Begin with the line below holding "A Montaldo Torinese" and go on through the line holding "Design Name: Manufacturer: Unknown", duplicating each line exactly and leaving out pictures.

* **Dataset records**:

[Start of Attachment]

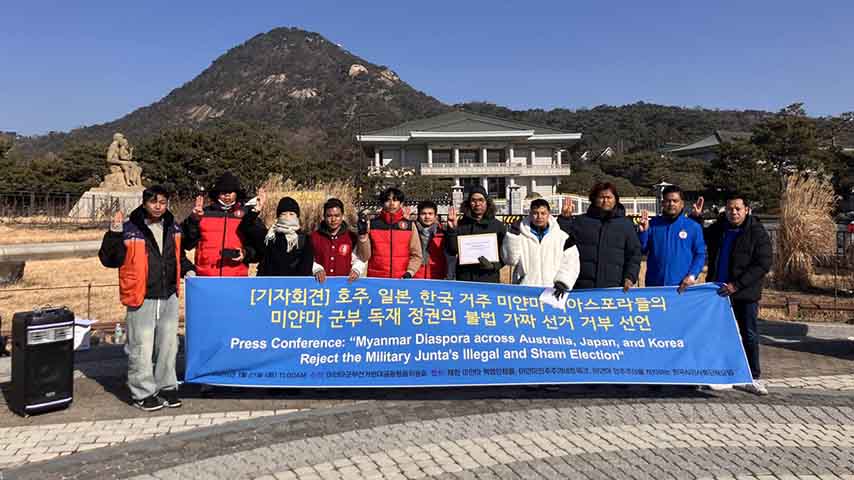 ကိုရီးယား၊ ဂျပန်၊ ဩစတြေးလျ ၃ နိုင်ငံရောက် မြန်မာနိုင်ငံသားတွေ စုပေါင်းပြီး စစ်အုပ်စုရဲ့ အတုအယောင် ရွေးကောက်ပွဲကို လုံးဝ ဆန့်ကျင်ကြောင်း ထုတ်ပြန်ပါတယ်။
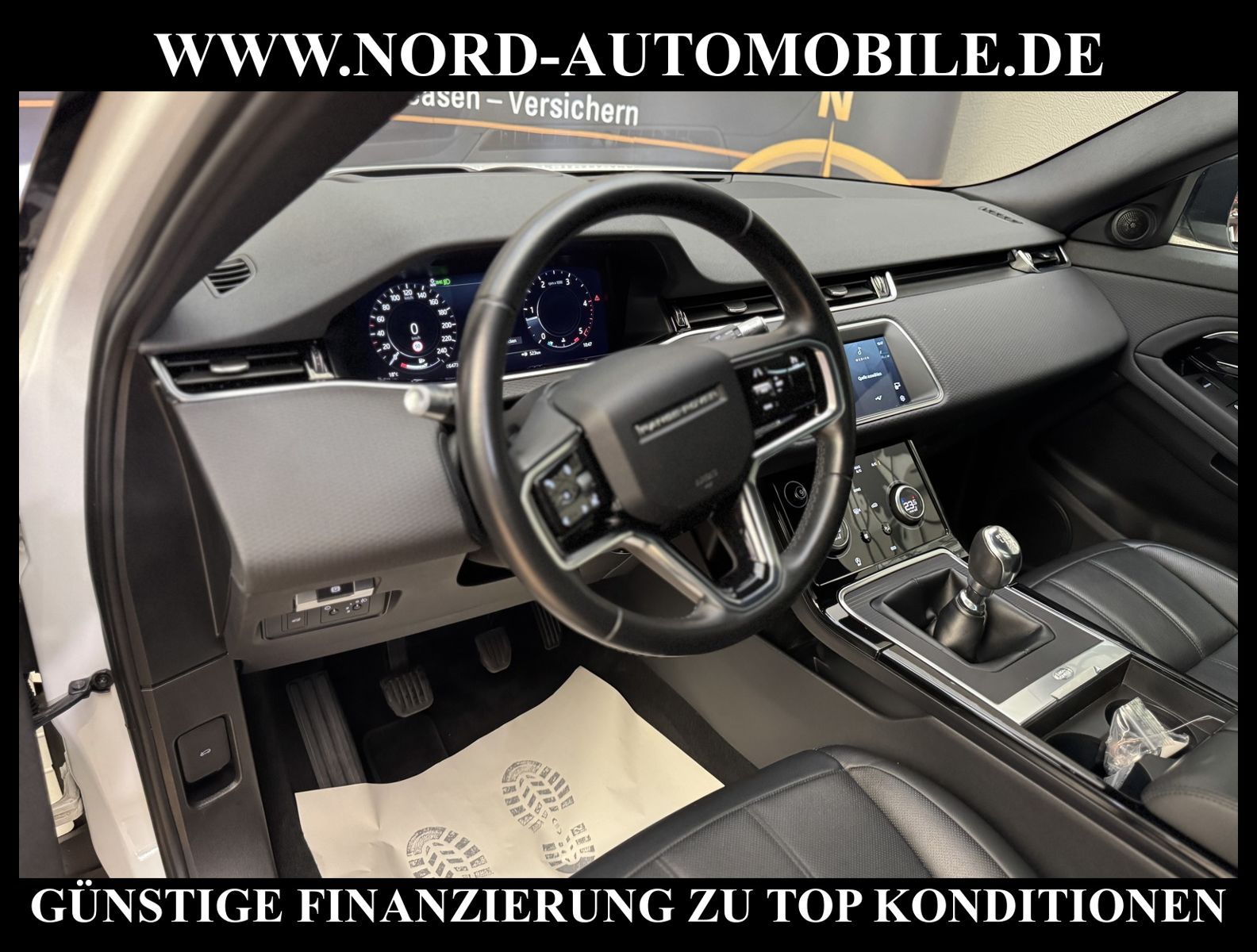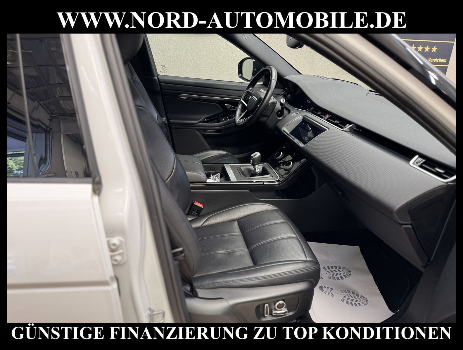 Range Rover Evoque D165Ansprechpartner: Jan Feldhus, Jonathan Steinfeld, Tom Bijman, Simon Wolff, Matthis Ullrich* FAHRZEUG-NUMMER: MW-9075-BD * LACKIERUNG: fuji white / Dach in Kontrastlackierung - schwarz * deutsches Fahrzeug * Abgaskonzept, Euro6 ehem.UPE: 55.959, -* Head-up Display * Navigationssystem Pivi Pro mit Pro Services * Land Rover Soundsystem (180 W) * Spracheingabesystem * digitaler Radioempfang (DAB+) * Smartphone Schnittstelle (Apple CarPlay & Android Auto) * Bluetooth-Schnittstelle * 2 Zonen Klimaautomatik * Panorama-Schiebedach elektrisch * Sitzbezug / Polsterung: Leder genarbt * Sitzheizung vorn * LED-Scheinwerfer mit LED-Tagfahrlicht * LM-Felgen 17 Zoll * Geschwindigkeitsregelanlage mit Geschwindigkeitsbegrenzer * Multifunktions-Lederlenkrad * Spurhalteassistent (Lane Departure Warning) * Einparkhilfe vorn und hinten * 3D-Surround Kamerasystem * Verglasung hinten abgedunkelt (Privacy Glass) * Sitze vorn höhenverstellbar * Dachhimmel ebony * Regensensor * Innenspiegel mit Abblendautomatik * Außenspiegel elektrisch verstell-, heiz- und anklappbar * Fensterheber elektrisch vorn und hinten * Zentralverriegelung mit Fernbedienung * Airbag Fahrer-/Beifahrerseite * Kopf-Airbag-System vorn und hinten * Dynamische Stabilitätskontrolle (DSC) * Wankneigungskontrolle (Roll Stability Control, RSC) * Aufmerksamkeits-Assistent * Berganfahr-Assistent * autonomer Notbrems-Assistent * Kurvenbremskontrolle (Corner-Brake-Control, CBC) * Reifendruckkontrolle * Start/Stopp-Anlage mit Rekuperation * 6-Gang-Schaltgetriebe * Nord-Automobile - Ihr starker und kompetenter Partner seit über 30 Jahren * Wir bieten Ihnen eine günstige Finanzierung auch ohne Anzahlung über die * AutoEuropaBank - Zweigniederlassung der Volkswagen Bank GmbH an * 20 XXL-Fotografien dieses Fahrzeuges finden Sie unter www.nord-automobile.de * Gerne unterbreiten wir Ihnen ein Angebot zum Ankauf Ihres bisherigen Fahrzeuges * Beim Export-Geschäft führen wir die Ausfuhranmeldung und Zulassung für Sie durch * Wir sind Meister-Werkstatt und zertifizierte DEKRA-Prüfstelle * Lernen Sie uns kennen - wir freuen uns auf Ihren Besuch * Keine Haftung für Druck & Schreibfehler. ... Klima, Klimaautomatik, Leder, Navigationssystem, Sitzheiz. vorn, ESP, ABS, Schiebedach elek., Parktronic System, Multifunktionslenkr., Radio, Soundsystem, Tempomat, Spiegel beheizbar, elektr. Fensterheber vorn, elektr. WFS, ZV mit Fernb., Fahrerairb., Beifahrerairb., Seitenairbag vorn, Kopfairbags, Leichtmetallfelgen, Nichtraucher, Servolenkung, Traktionskontr., elektr. verstellb. Spiegel, Aluoptik, Mittelarmlehne, Sitzheizung, 12 V Zusatzanschluss, aus erster Hand, Diesel, Frontantrieb, Lederlenkrad, Partikelfilter |
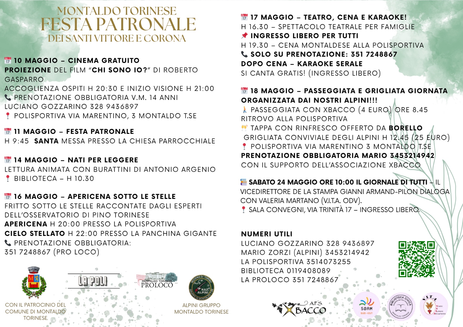 A Montaldo Torinese una serie di eventi organizzati per la festa patronale dei Santi Vittore e Corona dal 10 maggio al 24 maggio 2025. In allegato la locandina con il programma completo.
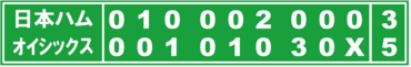 日本ハム2軍は敵地でオイシックスと対戦し、3-5で競り負けた。
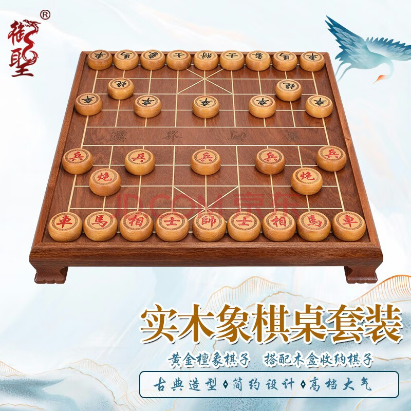 御圣中国象棋桌大号实木象棋盘成人高档5分黄金檀木橡棋套装桌上盘
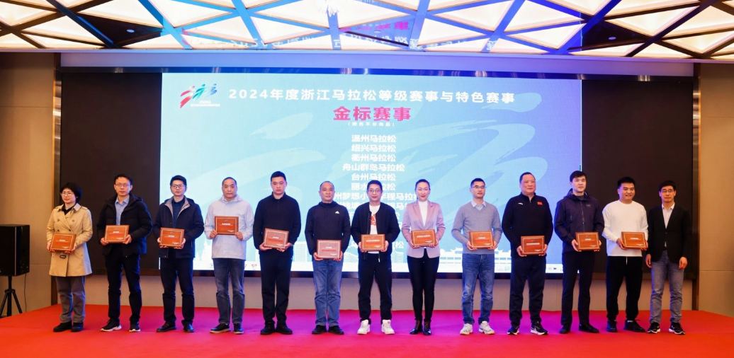 此次会议中,2024年度浙江马拉松等级赛事与特色赛事评选结果正式揭晓。 经评委会综合评审,近百场赛事申请中诞共生12场金标赛事、12场银标赛事和12场铜标赛事,以及部分特色赛事。 此外,还颁发了优秀组织奖、赛事影响力企业奖,还进行了战略合作伙伴授牌、年会承办纪念牌颁发及新增会员授牌等活动。
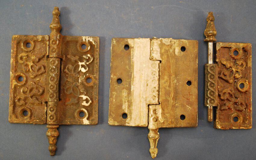 Design Name: Manufacturer: Unknown Style: Neo-Grec Material: Iron Manufacturing Method: Cast Surface Finish: Painted VDA Classification: VDA Number: Shape: Patent Specifics: Lock Type (If Applicable): Inscription/Makers Mark: Inscription Text: 4 x 4 Comments: Fixed joint, steeple tip. Includes two hinges (one with missing tip) and one matching leaf.
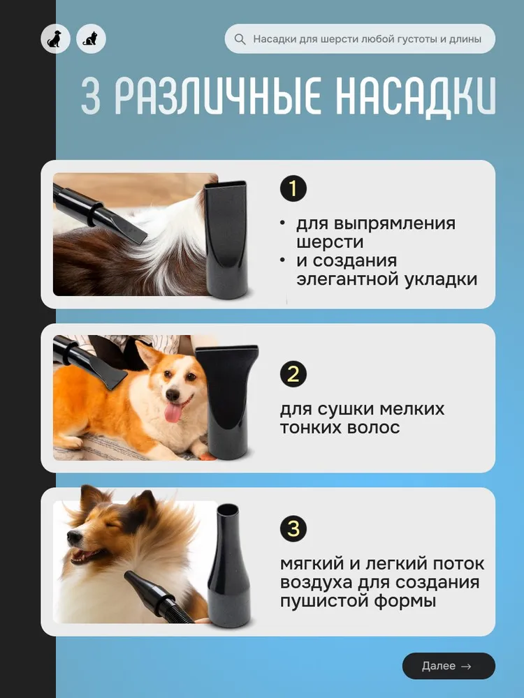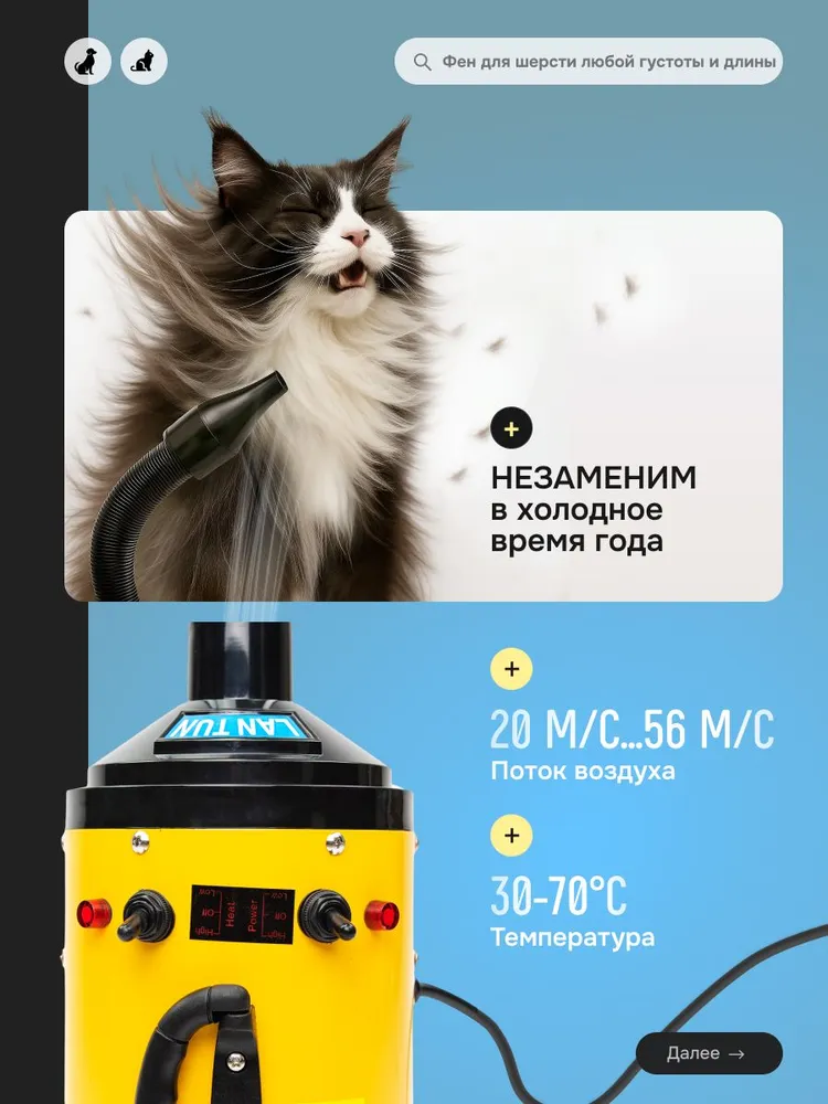 Фен компрессор для животных Lantun LT-1090 специально предназначен для сушки шерсти домашних животных после водных процедур. Он в равной степени эффективно подойдет для собак и кошек с шерстяным покровом любой густоты и длины. Турбосушка обладает номинальной мощностью 2400 Вт, что позволяет нагнетать сильный воздушный поток и расправлять сложившиеся комки шерсти, вычищать засохший песок, грязь.Турбо сушилка для кота абсолютно безопасна в применении, не причиняет болевых ощущений и не наносит повреждений коже животного. Профессиональный фен компрессор для сушки допускается использовать в бытовых условиях или закупать в салон по уходу за домашними питомцами. Большинство пользователей отмечают в изделии удобство эксплуатации, надежность и долговечность. Благодаря специальным интегрированным тумблерам пользователю предоставляется возможность регулировать температуру воздушных масс, выбирать оптимальный режим для шерсти кота с учетом его физиологических особенностей.Устройство оснащено плавной регулировкой воздушного потока. Скорость воздуха на выходе может быть в диапазоне 20-56 м/с. Несмотря на то, что домашний фен компрессор для груминга достаточной мощный, он не отличается высоким уровнем шума (всего 75 Дб).Допустимый температурный диапазон воздушных масс на выходе составляет от 30 до 70°С. Питание фена компрессора осуществляется, как от электросети переменного тока напряжением 220 В с частотой 50 Гц, так и автономно от аккумуляторных батарей.Корпус изделия выполнен из пластика высокой категории прочности с металлическими вставками. Данное гарантирует отсутствие трещин, вмятин, царапин в результате внешних механических воздействий или непреднамеренного падения. Устройство от линьки котов имеет компактные габаритные размеры (380*160*240 мм) и незначительную номинальную массу (5 кг), что облегчает транспортировку. По заверениям изготовителя, степень защиты, обеспечиваемая оболочкой, составляет IP67. Подобный факт позволяет не опасаться, что груминг, сушка и уход за животными пройдут без попадания под корпус прибора шерсти и других инородных веществ. Комплект поставки предусматривает непосредственно сам фен компрессора Lantun LT 1090 для дома, так и руководство по эксплуатации.Характеристики:Мощность: 2400 Вт.Поток воздуха: oт 20 м/с дo 56 м/с.Шум: 75 дб.Температура: 30-70°С.Корпус: пластик + металл.Габариты: 38х16х24 см.Цвет: желтый.Вес: 5 кг.

[End of Attachment]

* **Response box**:
 A Montaldo Torinese una serie di eventi organizzati per la festa patronale dei Santi Vittore e Corona dal 10 maggio al 24 maggio 2025. In allegato la locandina con il programma completo.
 日本ハム2軍は敵地でオイシックスと対戦し、3-5で競り負けた。
 御圣中国象棋桌大号实木象棋盘成人高档5分黄金檀木橡棋套装桌上盘
 此次会议中,2024年度浙江马拉松等级赛事与特色赛事评选结果正式揭晓。 经评委会综合评审,近百场赛事申请中诞共生12场金标赛事、12场银标赛事和12场铜标赛事,以及部分特色赛事。 此外,还颁发了优秀组织奖、赛事影响力企业奖,还进行了战略合作伙伴授牌、年会承办纪念牌颁发及新增会员授牌等活动。
 Design Name: Manufacturer: Unknown Style: Neo-Grec Material: Iron Manufacturing Method: Cast Surface Finish: Painted VDA Classification: VDA Number: Shape: Patent Specifics: Lock Type (If Applicable): Inscription/Makers Mark: Inscription Text: 4 x 4 Comments: Fixed joint, steeple tip. Includes two hinges (one with missing tip) and one matching leaf.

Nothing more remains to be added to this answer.